Could you copy exactly the lines below from the one with "Каталог запасных частей" to the one with "新しくできたら嬉しいお店は?", inclusive, leaving out any pictures?

Given information.
▶

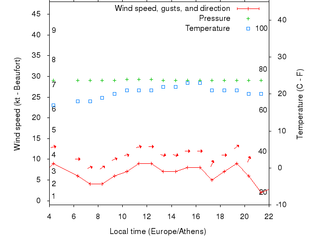 Dawn after 4:00; dusk before 22:00 local time (Europe/Athens).
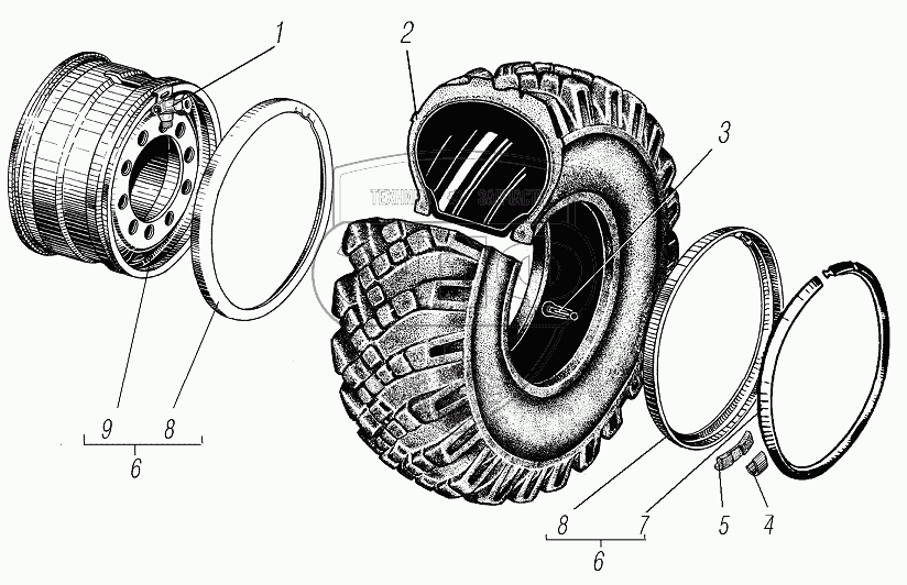 Каталог запасных частей к технике: УралАЗ УРАЛ-4320-6951-74. Колесо и шина
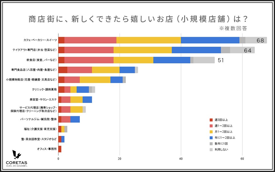 新しくできたら嬉しいお店は?と複数選択で尋ねたところ、「カフェ・ベーカリー・スイーツ」「テイクアウト専門店」「飲食店」が、商店街の利用頻度に関わらず、圧倒的な支持を集めました。
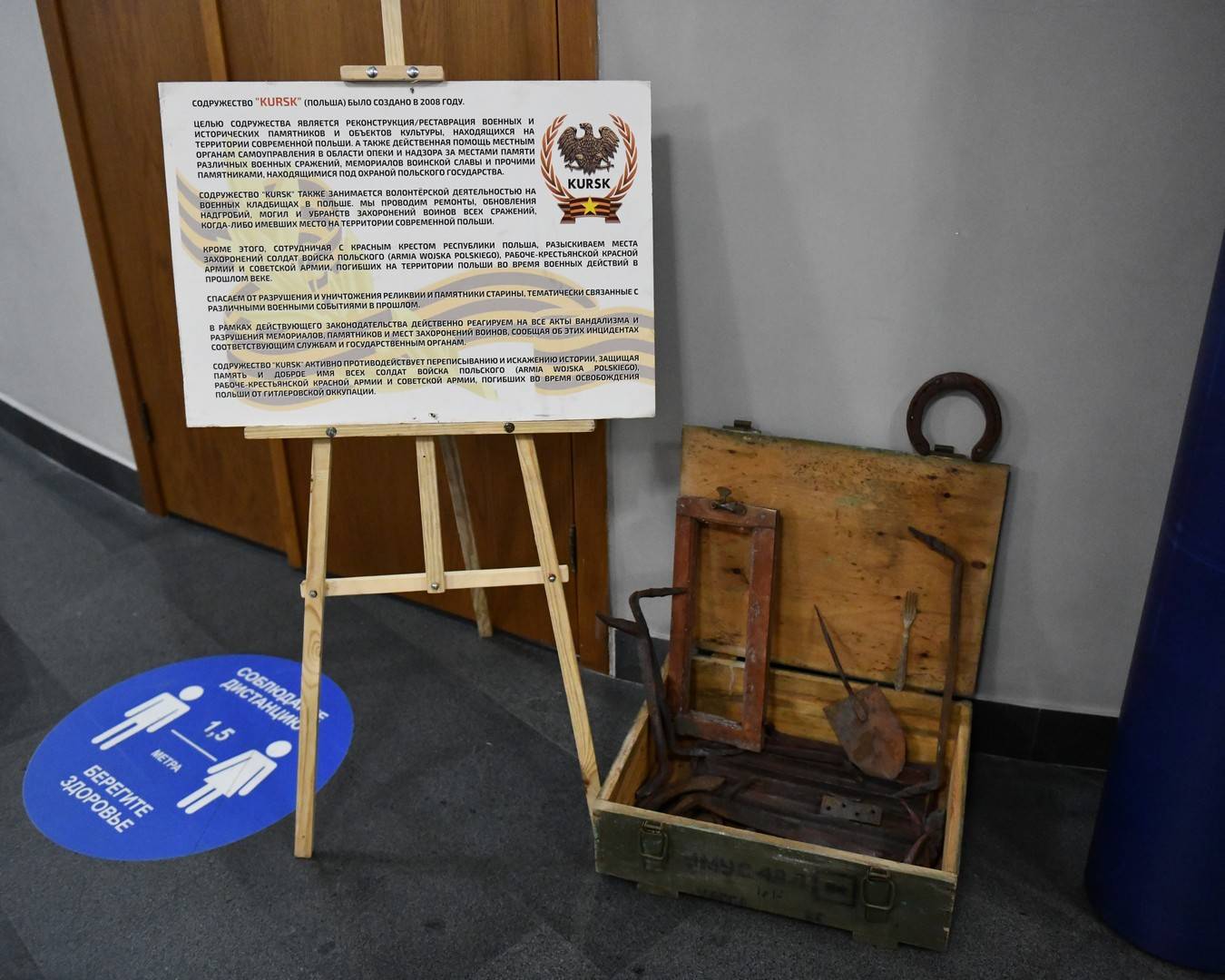 В дополнение к лекции была проведена презентация передвижной фотовыставки «Здравствуй солдат, вчерашний скиталец», посвященной памяти участников Войска Польского. На выставке были представлены уникальные экспонаты, имеющие связь с событиями тех лет. Например, дверь из штаба дивизии имени Тадеуша Костюшко под Рязанью - единственная сохранившаяся его часть после пожара. Ежи Тыц и его товарищи планируют восстановить штаб в ближайшем будущем, как важное историческое место.

◀

Your solution.
 Каталог запасных частей к технике: УралАЗ УРАЛ-4320-6951-74. Колесо и шина
 新しくできたら嬉しいお店は?と複数選択で尋ねたところ、「カフェ・ベーカリー・スイーツ」「テイクアウト専門店」「飲食店」が、商店街の利用頻度に関わらず、圧倒的な支持を集めました。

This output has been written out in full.